>>>
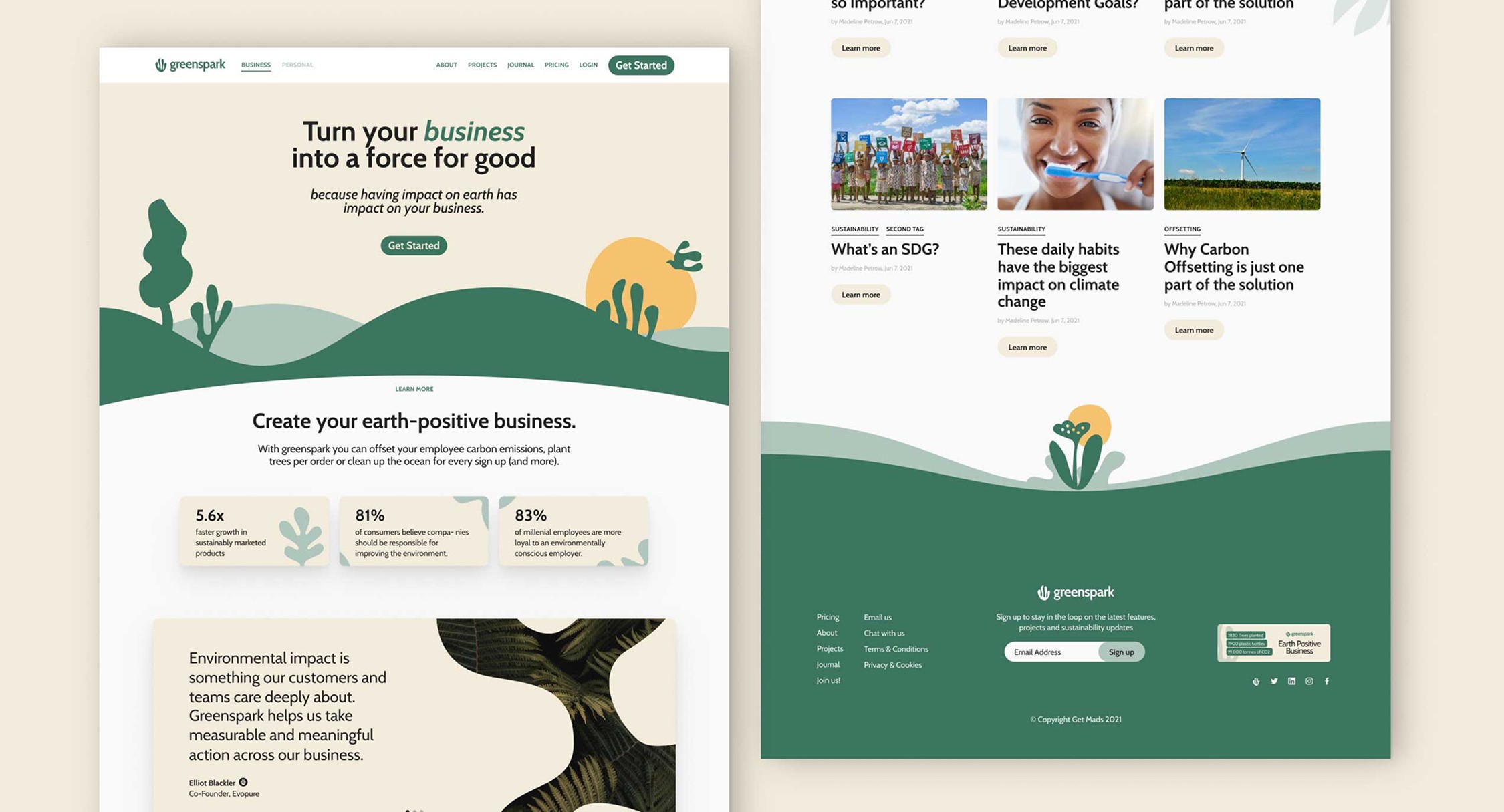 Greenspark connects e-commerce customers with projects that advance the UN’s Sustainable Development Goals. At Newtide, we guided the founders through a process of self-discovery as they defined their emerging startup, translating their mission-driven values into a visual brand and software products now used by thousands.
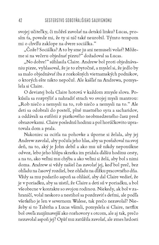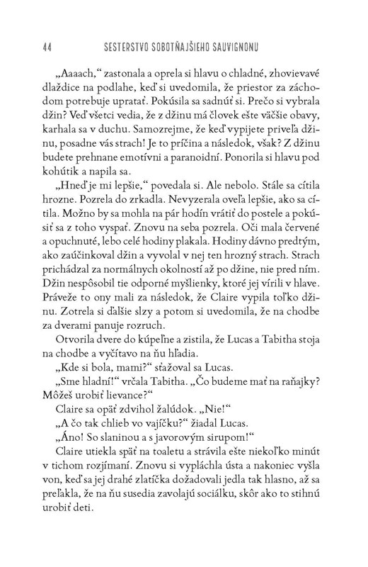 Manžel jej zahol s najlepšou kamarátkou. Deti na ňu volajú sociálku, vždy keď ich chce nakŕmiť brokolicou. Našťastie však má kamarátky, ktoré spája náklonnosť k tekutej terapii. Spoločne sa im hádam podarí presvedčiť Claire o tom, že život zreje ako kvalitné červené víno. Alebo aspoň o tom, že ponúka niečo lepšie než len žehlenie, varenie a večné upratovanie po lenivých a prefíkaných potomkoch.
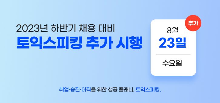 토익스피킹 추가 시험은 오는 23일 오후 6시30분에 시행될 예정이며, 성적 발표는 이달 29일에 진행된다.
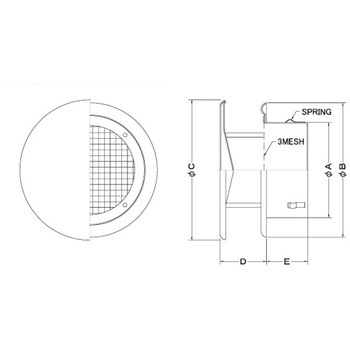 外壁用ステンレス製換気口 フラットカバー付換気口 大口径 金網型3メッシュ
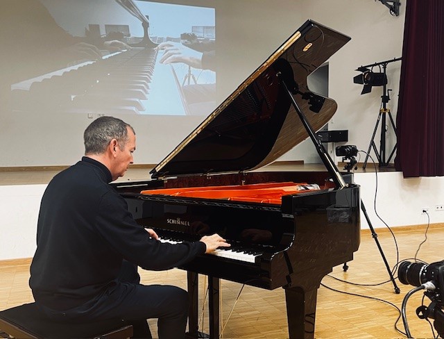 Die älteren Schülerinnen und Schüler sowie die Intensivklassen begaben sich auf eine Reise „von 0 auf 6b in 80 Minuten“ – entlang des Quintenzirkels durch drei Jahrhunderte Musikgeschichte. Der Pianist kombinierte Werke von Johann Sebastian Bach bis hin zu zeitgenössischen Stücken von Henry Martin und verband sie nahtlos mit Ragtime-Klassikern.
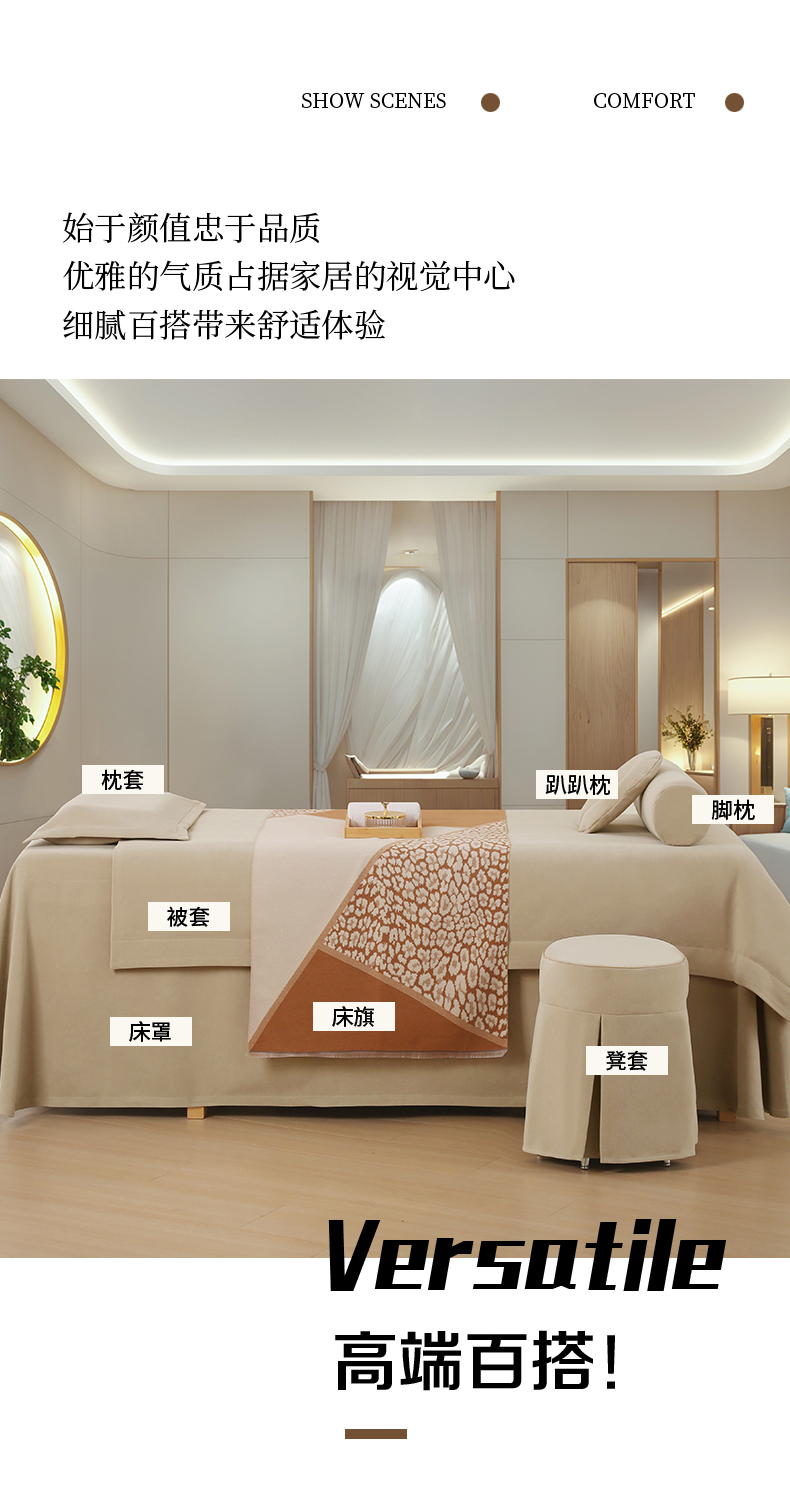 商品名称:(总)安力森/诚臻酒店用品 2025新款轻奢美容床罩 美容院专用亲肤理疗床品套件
<<<
Repeat every entry above exactly as written and omit any pictures it holds.

 Greenspark connects e-commerce customers with projects that advance the UN’s Sustainable Development Goals. At Newtide, we guided the founders through a process of self-discovery as they defined their emerging startup, translating their mission-driven values into a visual brand and software products now used by thousands.
 Manžel jej zahol s najlepšou kamarátkou. Deti na ňu volajú sociálku, vždy keď ich chce nakŕmiť brokolicou. Našťastie však má kamarátky, ktoré spája náklonnosť k tekutej terapii. Spoločne sa im hádam podarí presvedčiť Claire o tom, že život zreje ako kvalitné červené víno. Alebo aspoň o tom, že ponúka niečo lepšie než len žehlenie, varenie a večné upratovanie po lenivých a prefíkaných potomkoch.
 토익스피킹 추가 시험은 오는 23일 오후 6시30분에 시행될 예정이며, 성적 발표는 이달 29일에 진행된다.
 外壁用ステンレス製換気口 フラットカバー付換気口 大口径 金網型3メッシュ
 Die älteren Schülerinnen und Schüler sowie die Intensivklassen begaben sich auf eine Reise „von 0 auf 6b in 80 Minuten“ – entlang des Quintenzirkels durch drei Jahrhunderte Musikgeschichte. Der Pianist kombinierte Werke von Johann Sebastian Bach bis hin zu zeitgenössischen Stücken von Henry Martin und verband sie nahtlos mit Ragtime-Klassikern.
 商品名称:(总)安力森/诚臻酒店用品 2025新款轻奢美容床罩 美容院专用亲肤理疗床品套件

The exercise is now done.